Nel settembre del 1998, infatti, la Corte europea dei diritti
dell'uomo aveva accertato la non equità della sentenza con cui
la Corte di Assise di Udine, nel 1996, aveva condannato Dorigo.
Con la decisione della Consulta (n.113 depositata oggi in
cancelleria) si apre la strada alla revisione del processo a
carico di Dorigo, come sollecitato dalla Corte di Appello di
Bologna che aveva fatto ricorso alla Corte Costituzionale. Già
una volta, nel 2008, la questione era arrivata all'esame dei
giudici costituzionali che - viene ricordato nella sentenza di
oggi - avevano «rivolto un pressante invito al legislatore
affinché colmasse, con provvedimenti ritenuti più idonei, la
lacuna normativa». Ciò però non è avvenuto. E la Consulta è
ora intervenuta. (SEGUE).
(ANSA) - ROMA, 7 APR - Il 'pasticcio' del caso Dorigo e
della lacuna italiana si trascina da anni. A seguito della
sentenza della Corte di giustizia europea, che aveva accertato
l'iniquità di una condanna basata sulle dichiarazioni di tre
coimputati non esaminati in contraddittorio, Dorigo, maestro
elementare veneto e con un passato di militante in Autonomia
operaia e Lotta Continua, è tornato libero dopo diversi anni di
carcere: nel 2005 ha ottenuto gli arresti domiciliari; nel
marzo del 2006 la Corte di appello di Bologna ha sospeso la
pena; nel dicembre dello stesso anno, la Corte di Cassazione ha
ordinato la sua liberazione definitiva perché la prolungata
inerzia dell'Italia a conformarsi a quanto stabilito da
Strasburgo rende la sentenza di condanna ineseguibile.

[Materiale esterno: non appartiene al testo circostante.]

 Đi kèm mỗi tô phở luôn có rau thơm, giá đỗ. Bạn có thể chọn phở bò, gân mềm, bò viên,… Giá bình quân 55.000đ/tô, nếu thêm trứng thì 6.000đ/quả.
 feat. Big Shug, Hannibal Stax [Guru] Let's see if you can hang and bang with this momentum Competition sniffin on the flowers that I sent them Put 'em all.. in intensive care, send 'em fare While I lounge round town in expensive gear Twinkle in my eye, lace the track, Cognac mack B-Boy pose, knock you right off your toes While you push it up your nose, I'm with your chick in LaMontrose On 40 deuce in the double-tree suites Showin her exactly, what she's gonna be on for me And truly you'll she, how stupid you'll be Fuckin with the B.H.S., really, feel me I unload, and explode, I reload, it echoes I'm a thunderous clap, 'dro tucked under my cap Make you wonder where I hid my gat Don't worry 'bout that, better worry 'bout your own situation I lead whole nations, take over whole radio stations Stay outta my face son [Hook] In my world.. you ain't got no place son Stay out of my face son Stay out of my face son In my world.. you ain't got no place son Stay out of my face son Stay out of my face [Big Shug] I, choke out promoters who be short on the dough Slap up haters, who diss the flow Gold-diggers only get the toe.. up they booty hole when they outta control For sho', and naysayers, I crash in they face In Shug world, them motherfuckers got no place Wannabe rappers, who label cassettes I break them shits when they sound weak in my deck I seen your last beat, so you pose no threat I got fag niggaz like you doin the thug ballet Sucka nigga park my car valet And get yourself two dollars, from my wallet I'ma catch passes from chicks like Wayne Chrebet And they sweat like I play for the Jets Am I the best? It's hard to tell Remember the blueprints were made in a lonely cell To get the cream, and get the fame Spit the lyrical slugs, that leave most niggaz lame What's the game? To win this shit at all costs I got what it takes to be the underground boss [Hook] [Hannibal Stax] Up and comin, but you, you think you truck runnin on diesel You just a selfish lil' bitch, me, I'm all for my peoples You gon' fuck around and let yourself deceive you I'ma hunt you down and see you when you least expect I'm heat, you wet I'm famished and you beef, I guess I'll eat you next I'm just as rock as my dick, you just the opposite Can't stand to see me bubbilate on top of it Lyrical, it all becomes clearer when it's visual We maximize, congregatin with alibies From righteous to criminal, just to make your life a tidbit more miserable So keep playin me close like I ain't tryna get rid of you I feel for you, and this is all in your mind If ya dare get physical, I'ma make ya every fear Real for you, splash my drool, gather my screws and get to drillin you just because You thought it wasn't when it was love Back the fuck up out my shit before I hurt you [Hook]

Nel frattempo, però, Dorigo ha presentato istanza di
revisione del processo alla Corte di appello di Bologna, che per
due volte ha sollevato questione di legittimità costituzionale
dell'art. 630 del cpp. Il codice, infatti, consente la revisione
del processo solo nel caso in cui si scoprano elementi nuovi che
possano portare al proscioglimento del condannato. Ma non per
adeguarsi alle norme della Corte di Strasburgo che, come invece
stabilito dalla Consulta in riferimento all'art. 117 della
Costituzione, «impone la conformazione della legislazione
interna ai vincoli derivati dagli 'obblighi internazionali'».

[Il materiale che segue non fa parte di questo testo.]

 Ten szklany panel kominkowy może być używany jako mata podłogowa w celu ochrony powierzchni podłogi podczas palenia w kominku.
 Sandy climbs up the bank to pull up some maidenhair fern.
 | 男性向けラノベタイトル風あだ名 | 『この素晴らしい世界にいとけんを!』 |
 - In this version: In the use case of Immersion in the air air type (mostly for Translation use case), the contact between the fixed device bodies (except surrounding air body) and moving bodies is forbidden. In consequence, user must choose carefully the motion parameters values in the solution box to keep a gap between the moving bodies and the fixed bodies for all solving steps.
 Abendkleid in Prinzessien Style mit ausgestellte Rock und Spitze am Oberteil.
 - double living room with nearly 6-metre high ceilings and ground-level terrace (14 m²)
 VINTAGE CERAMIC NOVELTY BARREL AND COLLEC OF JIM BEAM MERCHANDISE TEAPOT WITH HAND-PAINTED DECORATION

Dal momento che - si legge nella sentenza scritta dal giudice
costituzionale Giuseppe Frigo - la Corte si è trovata di fronte
a un «vulnus costituzionale non sanabile in via
interpretativa» è pertanto «tenuta a porvi rimedio»
bocciando in parte l'art. 630 del codice di procedura penale.
Ora la strada che si apre è duplice: da un lato «spetterà
ai giudici comuni trarre dalla decisione i necessari corollari
sul piano applicativo, avvalendosi degli strumenti ermeneutici a
loro disposizione»; dall'altro, sarà compito del «legislatore
provvedere eventualmente a disciplinare, nel modo più sollecito
e opportuno, gli aspetti che - scrive la Corte - apparissero
bisognevoli di apposita regolamentazione». Nel primo caso la
Consulta rileva come sia «di tutta evidenza» che «non darà
comunque luogo a riapertura» del processo «l'inosservanza del
principio di ragionevole del processo» dal momento che «la
ripresa delle attività processuali approfondirebbe l'offesa».
Il giudice della revisione, infatti, dovrà valutare anche
«come le cause della non equità del processo rilevate dalla
Corte europea si debbano tradurre, appunto in vizi degli atti
processuali alla stregua del diritto interno, adottando nel
nuovo giudizio tutti i conseguenti provvedimenti per
eliminarli». Quanto infine a un eventuale intervento normativo,
la Corte sottolinea che il legislatore resta «ovviamente libero
di regolare con una diversa disciplina (recata anche
dall'introduzione di un autonomo e distinto istituto) il
meccanismo alle pronunce definitive della Corte di Strasburgo,
come pure di dettare norme su specifici aspetti di esso».
aspetti come ad esempio la previsione di un termine di decadenza
della domanda per la riapertura del processo, la Consulta
precisa di non poter intervenire in quanto di stratta di
«scelte discrezionali» del legislatore. (ANSA).